They also protect WAPA, the only higher power non-directional station on 680 in the Eastern USA.
So no signal to the southeast, either.
That would eliminate Canton, then. The WCNN night pattern seems to aim mostly southwestward today, and that would explain why. But WDUN Gainesville would be an option if they could thread the needle and send all the power southwestward, basically along and either side of the I-85 corridor. That would pick up Forsyth and Gwinnett and Cobb countie$$$. Cherokee would be a wash or maybe a little improvement.
The WDUN night pattern looks like this: https://radio-locator.com/cgi-bin/pat?call=WDUN&service=AM&h=N
Just rotate it 90 degrees clockwise and up the power from 2500W to 10kW, and bigger nulls north of the site.
One concern from looking at both their day and night patterns is that they may be topographically compromised going towards the metro area--seems to be an ongoing concern with stations to the northeast of town, trying to get over Peachtree and the other ridges, which is evident with WXKT and WDUN-FM and WBCX as well.

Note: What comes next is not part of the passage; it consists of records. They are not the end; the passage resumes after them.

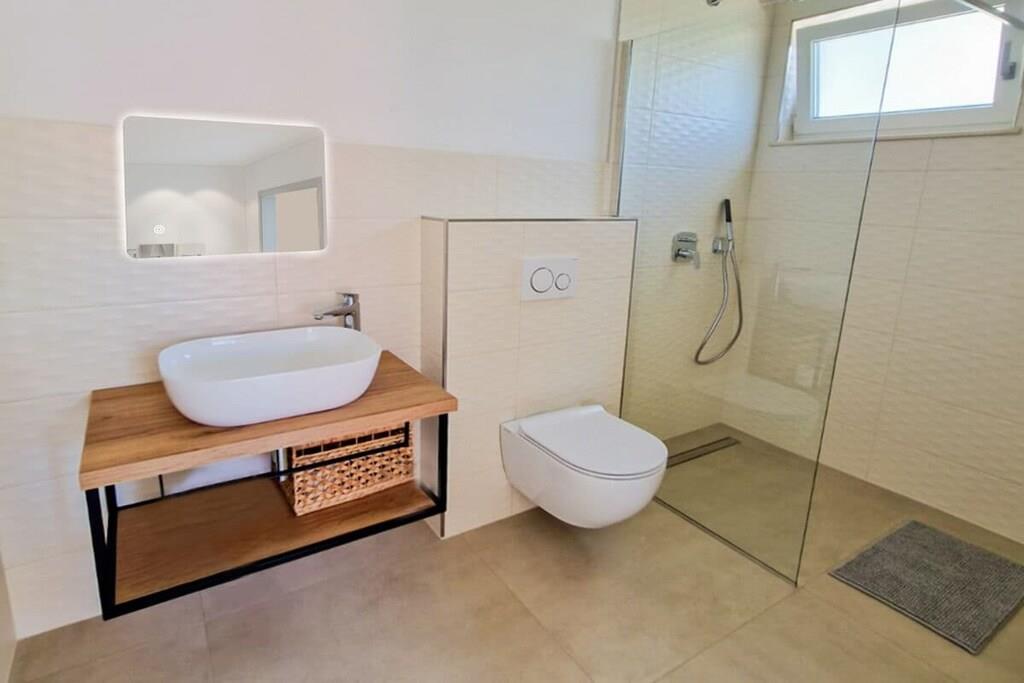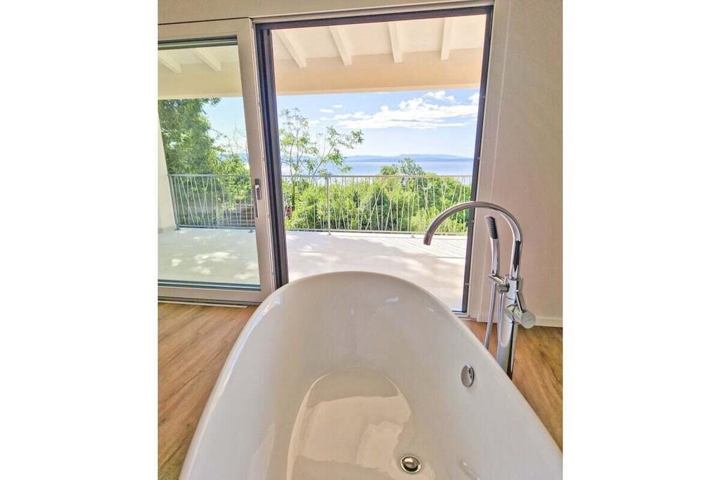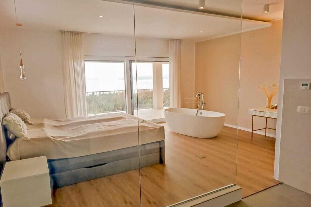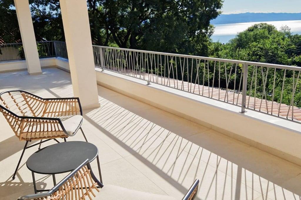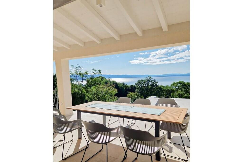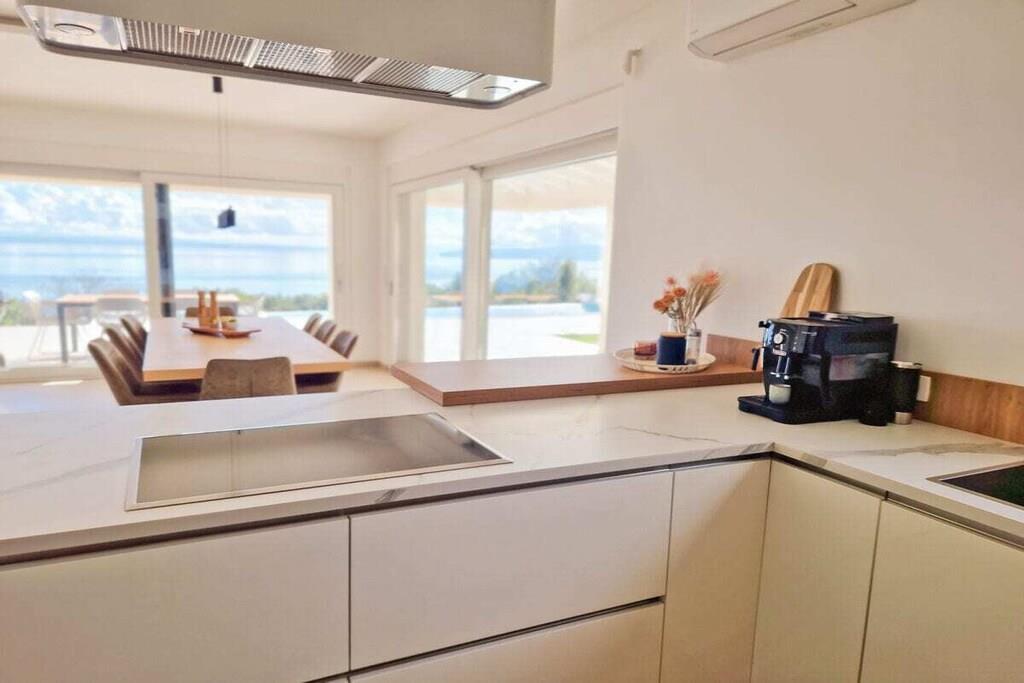 Die moderne Villa im maritimen Stil läd dazu ein, den Alltagsstress hinter sich zu lassen. Durch ihre gehobene Ausstattung werden sie sich schon beim Betreten der Villa sofort wohl fühlen. Sobald sie in den Wohn - und Essbereich eintreten, öffnet sich ihnen ein atemberaubender Blick auf die Kvarner Bucht, der sich noch im Pool- und Außenbereich steigert. Die Villa bietet alles, um unvergessliche Tage an der Kvarner Bucht zu verbringen, eine top moderne Küche, ein großzüger Wohn- und Essbereich und liebevoll eingerichtete Schlafzimmer. Sie bietet Platz für bis zu 8 Personen, mit 4 Schlafzimmern und jeweils 5 dazugehörigen modernen Bädern. Auch die überdachten Terrassen mit Infinitypool wird ihnen das Gefühl geben, über der Bucht zu schweben.
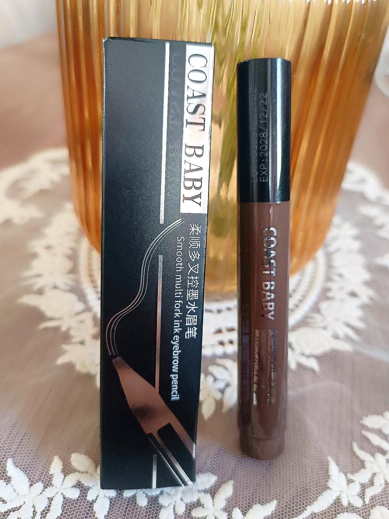 Маркер для бровей COAST BABY: * Тип продукта: Тинт-маркер с эффектом микроблейдинга. * Особенность: Аппликатор с несколькими зубчиками позволяет рисовать тонкие волоски, создавая естественный вид. * Оттенок: Тёмно-коричневый (графитовый), без рыжины — идеально для холодного подтона. * Упаковка: Лаконичный чёрный дизайн; формат удобен для быстрого макияжа. Итог: Удачное решение для тех, кто хочет густые и графитичные брови за пару минут.
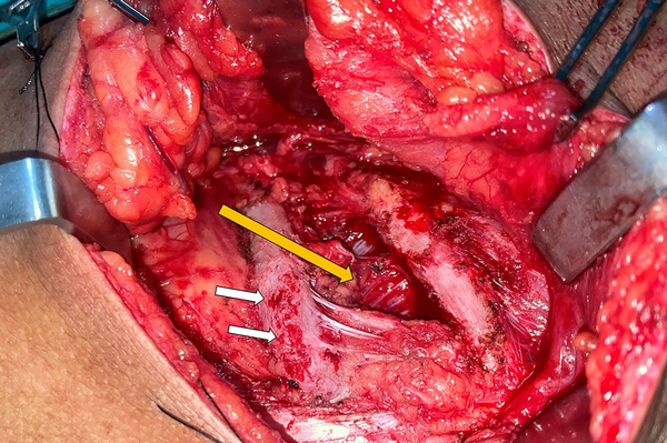 Intraoperative photograph showing adhesions to periosteum of rib (marked by multiple white arrows) and widening of intercostal space (marked by yellow arrow) after removal of the lipomatous mass.
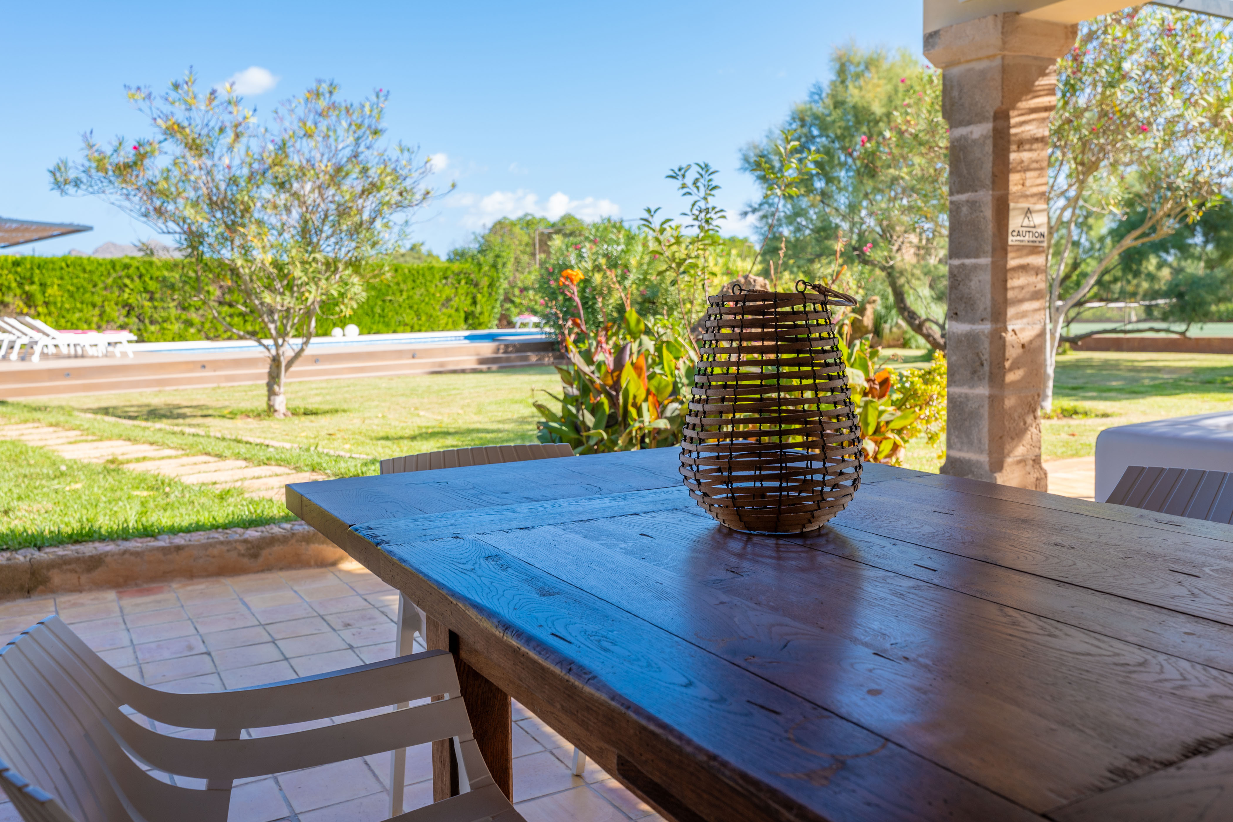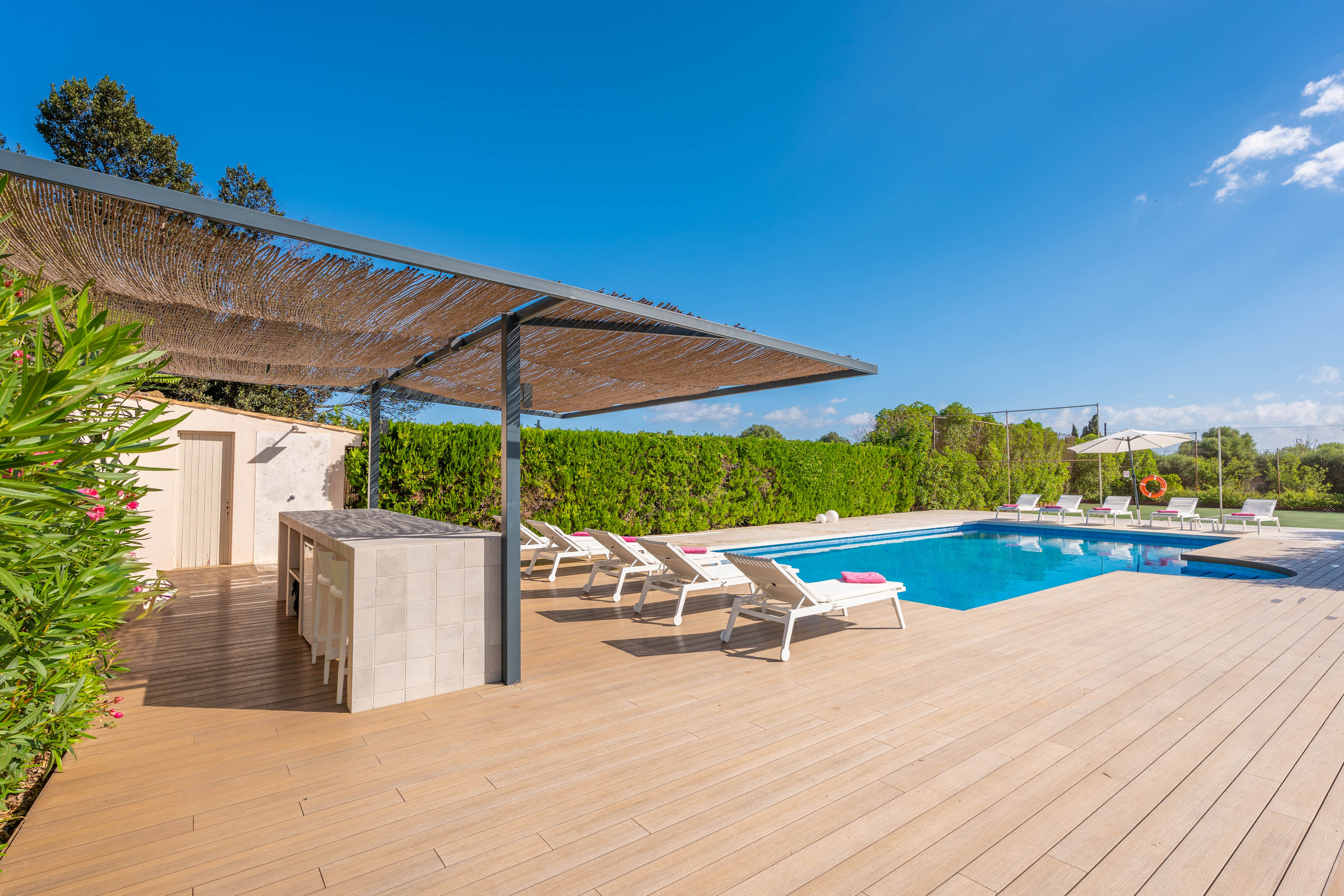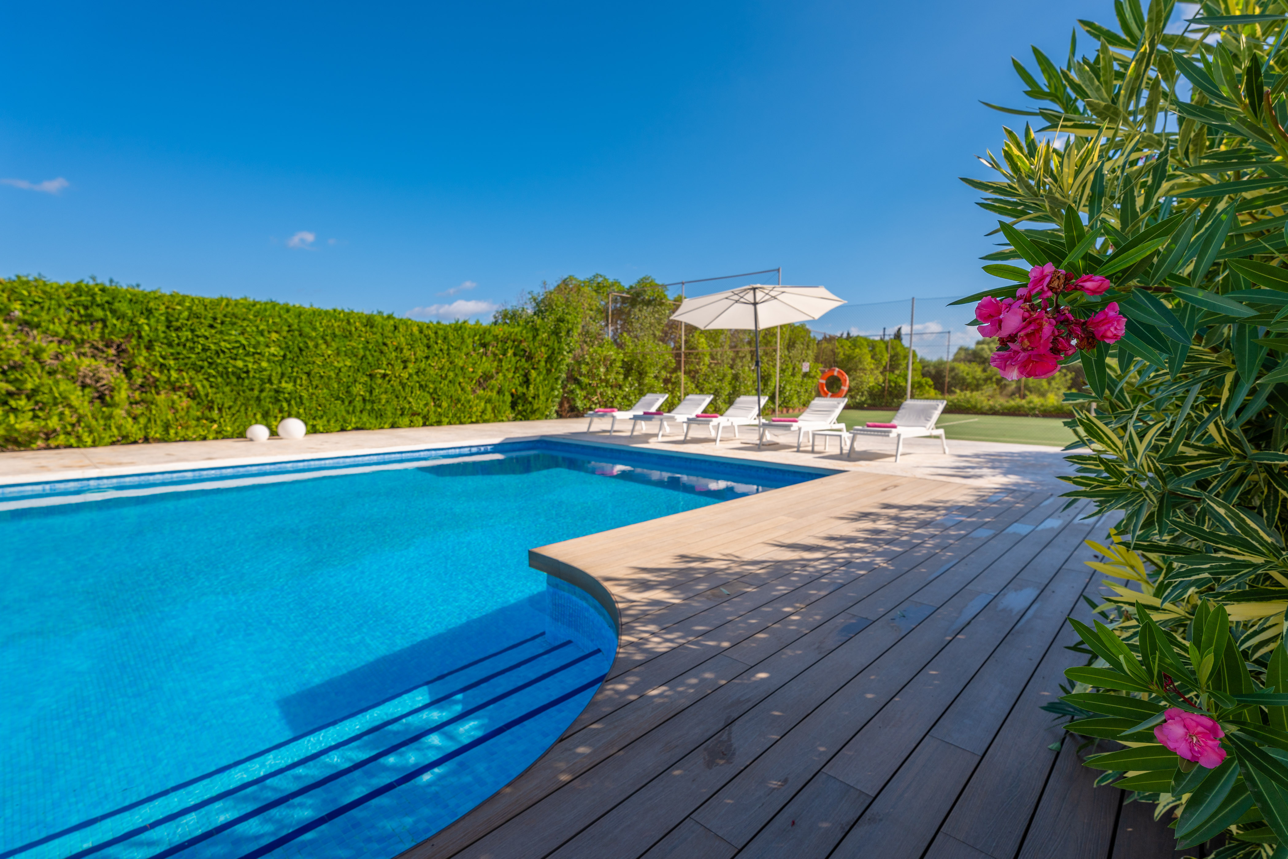 Op de eerste verdieping zijn de overige vier slaapkamers. Twee slaapkamers hebben tweepersoonsbedden en een eigen badkamer met bad, waardoor gasten een comfortabele privéruimte hebben. De andere twee slaapkamers hebben elk twee eenpersoonsbedden, perfect voor kinderen of vrienden. Een extra badkamer met ligbad completeert deze verdieping, zodat iedereen zijn eigen ruimte en privacy heeft. Voor jouw gemak heeft de villa een wasmachine, strijkijzer en strijkplank. Een kinderbedje en een kinderstoel zijn beschikbaar voor gezinnen die reizen met een baby.

They could continue to do days from their plant off Spalding in Ptree Corners, using two towers, and nights from the WDUN site in Gainesville. Covering Brookhaven (fka North Atlanta) shouldn't be an issue. And they could tear down 6 of their 8 towers and liquidate some of that real estate in a pricey part of town--although a lot of it is in a floodplain.
Of course, the usual questions remain--what is the ROI on improving an AM facility these days? Can they pull off the required night pattern? What would be the loss of using antennas tuned to 550kHz and not 680kHz?